En realidad el juzgador manifestó haber percibido esa situación y encontrar conforme a derecho la valoración que al respecto efectuó el sentenciador de primer grado, y fue sólo una de las variables que apreció antes de esclarecer que la mensualidad impuesta se correspondía con la capacidad económica del alimentante y que, estando ésta determinada, «dicha suma no resulta desproporcionada».

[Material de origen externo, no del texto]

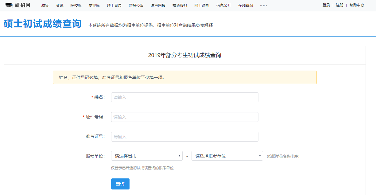 2.查詢方式:登錄中國研究生招生信息網(wǎng)成績查詢頁面(具體網(wǎng)址為http://yz.chsi.com.cn/apply/cjcx/),根據(jù)系統(tǒng)要求輸入相關(guān)信息后查詢成績,所需信息準(zhǔn)考證中均能找到,查詢界面如下圖。
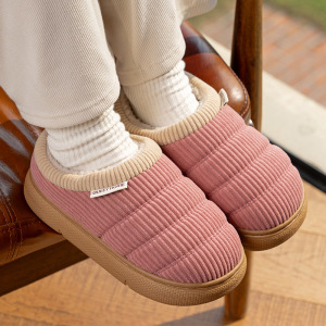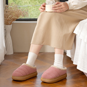 防滑棉拖鞋女冬季外穿2025新款室内居家厚底防臭加绒保暖老人鞋男
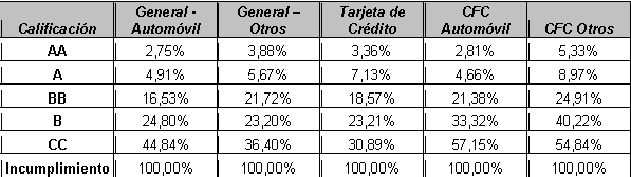 De esta manera, para cada deudor de cartera comercial se obtiene la probabilidad de migrar entre su calificación vigente y la calificación propia del incumplimiento en los próximos 12 meses de acuerdo con el ciclo del comportamiento general del riesgo de crédito. La SFC actualizará periódicamente las matrices con base en los datos que reporten las entidades en el formato 341.
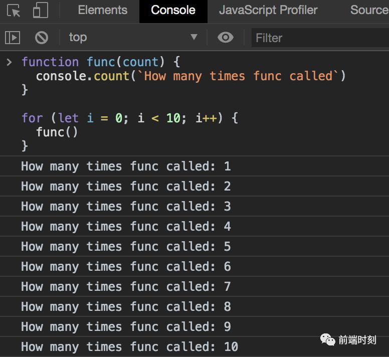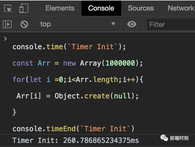 通过调用 time() 可以开启计时器。你必须传入一个字符串参数来唯一标记这个计时器的 ID。当你要结束计时的时候可以调用 timeEnd(),并且传入指定的名字。计时结束后控制台会打印计时器的名字和具体的时间。
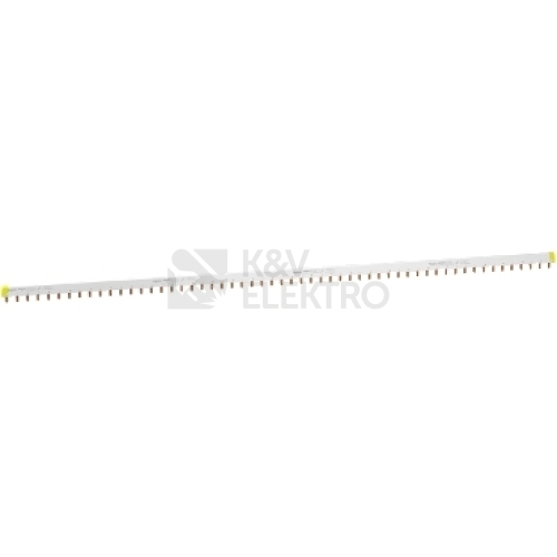 Tento produkt Acti9 představuje výřeznou horizontální přípojnici 57 mod. pro Acti9 iC60 nebo Acti9 iK60. Je určena pro instalace N+L1. Typ je NL (N vodič, Řádek). Jedná se o sadu 1 zařízení. Je vhodná pro 28 zařízení (1P+N). Délka je 1000 mm. Celkový počet modulů 18 mm je 57. Průřez kolíku je 16 mm2. Typ elektrického připojení je PIN. Počet fází je 1. počet pólů je 2. Jmenovitý provozní proud Ie při 40 °C je 100 A. Zkratový proud Isc je kompatibilní s vypínací kapacitou jističů Schneider Electric. Jmenovité izolační napětí Ui je 500 VAC. Hodnota provozního napětí Ue je 415 VAC. Barva zařízení je bílá RAL9003. Stupeň znečištění je 3. Podle normy IEC 60695-2-1 požární odolnost při 960 °C do 30 s. Vyhovuje normám IEC 60947-7-1 a IEC 61439-2.

En esas condiciones, omitió la censura cumplir el inexcusable deber de exponer mediante una confrontación específica, lo que la prueba dice y lo que el juzgador no advirtió, tergiversó o distorsionó al apreciarla, tarea que no se satisface con una alegación en la que apenas sugiere su visión particular sobre la forma como debió resolverse el caso o a manera de una simple discordancia frente a la evaluación crítica del fallador.
Sobre el defecto advertido, en CSJ SC 23 mar. 2004, rad. 7533, se indicó que este medio de impugnación
(…) no es útil para insistir o enfatizar en los argumentos probatorios expuestos ante los Jueces de conocimiento, razón por la cual, es indispensable que el recurrente –cuando endilgue al sentenciador violación de la ley sustancial, a consecuencia de errores de hecho en la apreciación de las pruebas-, más que disentir, se ocupe de acreditar los yerros que le atribuye al sentenciador, laborío que reclama la singularización de los medios probatorios supuestos o preteridos; su puntual confrontación con las conclusiones que de ellos extrajo –o debió extraer- el Tribunal y la exposición de la evidencia de la equivocación, así como de su trascendencia en la determinación adoptada.
En este sentido ha expresado la Corte, “que siendo improcedente acusar la sentencia a través del planteamiento global del problema probatorio, es deber inexcusable del recurrente singularizar cada uno de los medios que se pretenden no considerados o erróneamente apreciados por el sentenciador” (CXLVIII, p. 207), pues la demostración de la censura es una “actividad que debe cumplirse mediante una labor de contraste entre lo que extrajo el sentenciador de las pruebas que se tildan de erróneamente apreciadas y lo que tales pruebas dicen o dejan de decir, para ver de establecer el real efecto que dimana de la preterición o desfiguración de la prueba” (cas. civ. 14 de mayo de 2001. Exp. 6752).
En suma, esta censura tampoco tiene éxito.
4. Como la decisión es adversa al recurrente, se le condenará en costas, de conformidad con el artículo 375 del Código de Procedimiento Civil. Para su cuantificación se tendrá en cuenta que la contradictora guardó silencio.

DECISION

En mérito de lo expuesto, la Sala de Casación Civil de la Corte Suprema de Justicia, administrando justicia en nombre de la República y por autoridad de la ley, NO CASA la sentencia de 14 de marzo de 2013, proferida por la Sala Civil Familia del Tribunal Superior de Buga, dentro del proceso ordinario de la menor María Alejandra Hernández Penilla, representada por su progenitora Olga Cecilia Hernández Penilla, contra Guillermo Hebert Salcedo Prieto.
Se condena en costas a la parte impugnante. Por concepto de agencias en derecho, se fija la suma de tres millones de pesos ($3'000.000).
Notifíquese y devuélvase
AROLDO WILSON QUIROZ MONSALVO
Presidente de Sala
MARGARITA CABELLO BLANCO
ÁLVARO FERNANDO GARCÍA RESTREPO
LUIS ALONSO RICO PUERTA
ARIEL SALAZAR RAMÍREZ
OCTAVIO AUGUSTO TEJEIRO DUQUE
LUIS ARMANDO TOLOSA VILLABONA
1 Sentencia de 24 de octubre de 2011, expediente 1969.